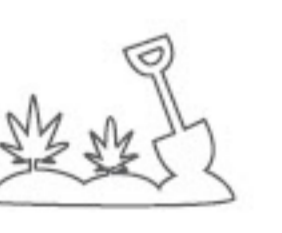
పార్క్ మరియు మొక్కల పెంపకం
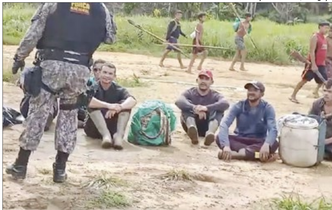
Indígenas conduziram 12 garimpeiros até os agentes da Força Nacional

Além disso, a Terra Yanomami, com 9,6 milhões de hectares, enfrenta surtos de malária e desnutrição entre os indígenas. A situação levou o território a entrar em estado de
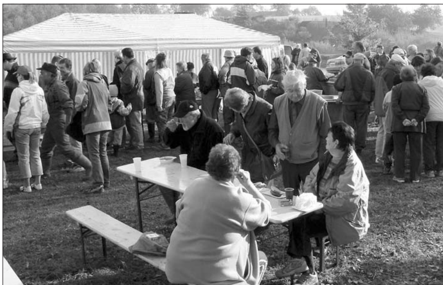
U stánku s občerstvením bylo plno, dokud se všechny pochutiny nevyprodaly
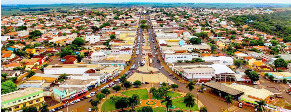
Avenida Tupãssi
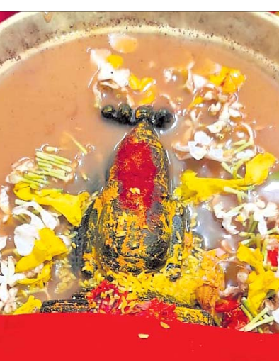
ମାଟିଚଲୁ ଉଦ୍ଧାର ହୋଇଥିବା ଗଞ୍ଜାମାତାଙ୍କ ମୂର୍ତ୍ତି ।

ପୂଜକଙ୍କୁ ସ୍ୱପ୍ନାଦେଶ ବାଲାଙ୍ଗା ମନ୍ଦିର ପରିସରରେ ସ୍ଥାପନ କରିଥିଲେ । ପରେ ଏକ ନିର୍ଦ୍ଦିଷ୍ଟ ସ୍ଥାନ ଚିହ୍ନଟ କରି ଖୋଳା ଆରମ୍ଭ ହୋଇଥିଲା । ୬୦୦ ମାଟି ଖୋଳିବା ପରେ ରାତି ୧୦ଟାରେ ମୂର୍ତ୍ତି କିଛି ଅଂଶ ଦେଖାଗଲା । ଆଉ ଅଳ୍ପ କିଛି ସମୟ ଖୋଳିବା ପରେ ମୂର୍ତ୍ତିର ସମ୍ପୂର୍ଣ୍ଣ ଅଂଶ ଦେଖାଯାଇଥିଲା । ଦଶ ଲକ୍ଷ ବର୍ଷ ସୁଦ୍ଧା ପୂଜା ପାଉଥିବା ମୂର୍ତ୍ତି ବାହାରକୁ ଜଣାଯାଇଥିଲା । ଗଞ୍ଜାମାତାଙ୍କ ଆବିର୍ଭାବ ସମ୍ପର୍କରେ ଖବର ଶୁଣି ବହୁ ଶ୍ରଦ୍ଧାଳୁଙ୍କ ସମାଗମ ମନ୍ଦିର ପରିସରରେ ହୋଇଥିଲା ।
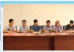
实习管理工作专题研讨会
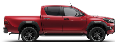
3T6 Červená – vulkanická*
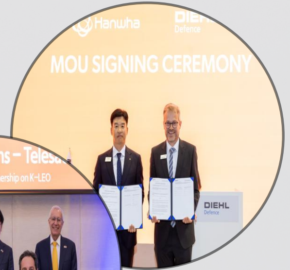
사업 협력 관련 MOU
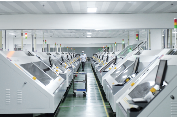
特创科技印制线路板生产车间
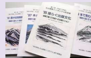
「大山緑陰シンポジウム」は1995年から5年間続けられ、5冊の記録集を残した
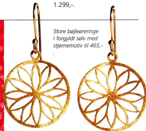
Store bøjleøreringe i forgyldt sølv med stjernemotiv til 465,-
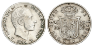
247 90 €
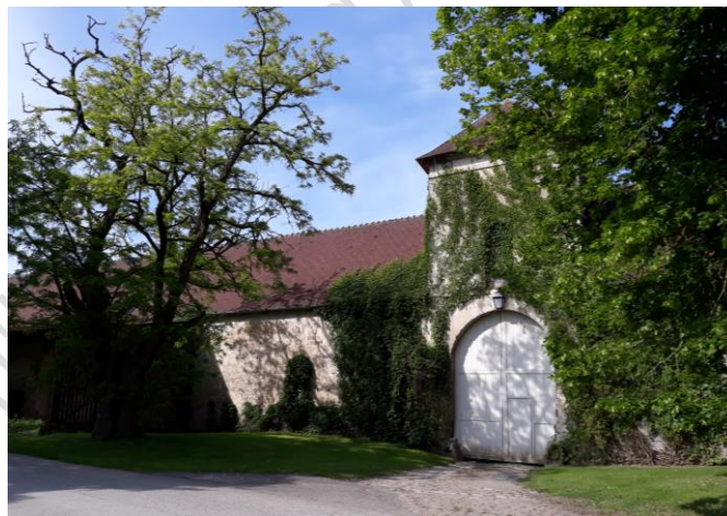
Ferme de La Borde

Réactivation par l'abbaye de Chaalis de la ferme de La Borde. Cette grange, issue du démembrement de la ferme de Fay (commune de Saintines, Oise) appartenant également au temporel de l'abbaye de Chaalis, est (re)bâtie entre 1315 et 1399 (Blary 1989, p. 218).
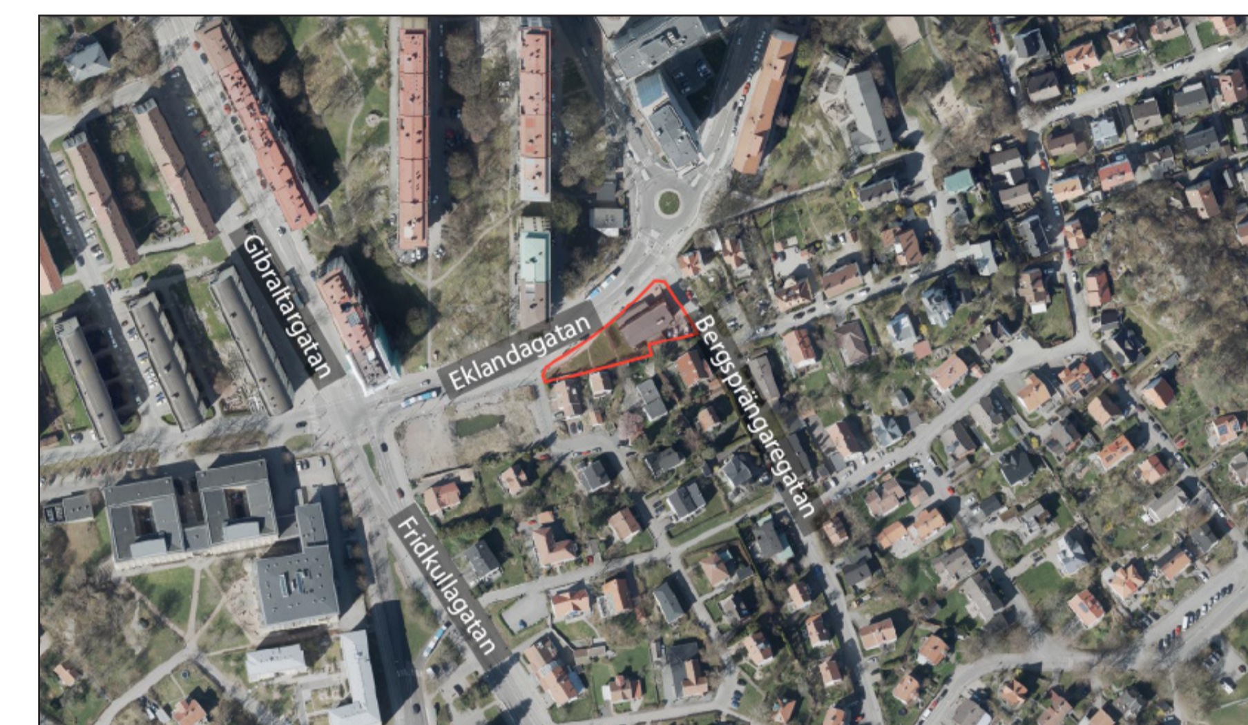
Översiktsbild med planområdets ungefärliga läge

__Brief__
Reproduce the material above exactly, but only from the line with "特创科技印制线路板生产车间" through its last line, leaving pictures out.

__Answer section__
特创科技印制线路板生产车间
「大山緑陰シンポジウム」は1995年から5年間続けられ、5冊の記録集を残した
Store bøjleøreringe i forgyldt sølv med stjernemotiv til 465,-
247 90 €
Ferme de La Borde

Réactivation par l'abbaye de Chaalis de la ferme de La Borde. Cette grange, issue du démembrement de la ferme de Fay (commune de Saintines, Oise) appartenant également au temporel de l'abbaye de Chaalis, est (re)bâtie entre 1315 et 1399 (Blary 1989, p. 218).
Översiktsbild med planområdets ungefärliga läge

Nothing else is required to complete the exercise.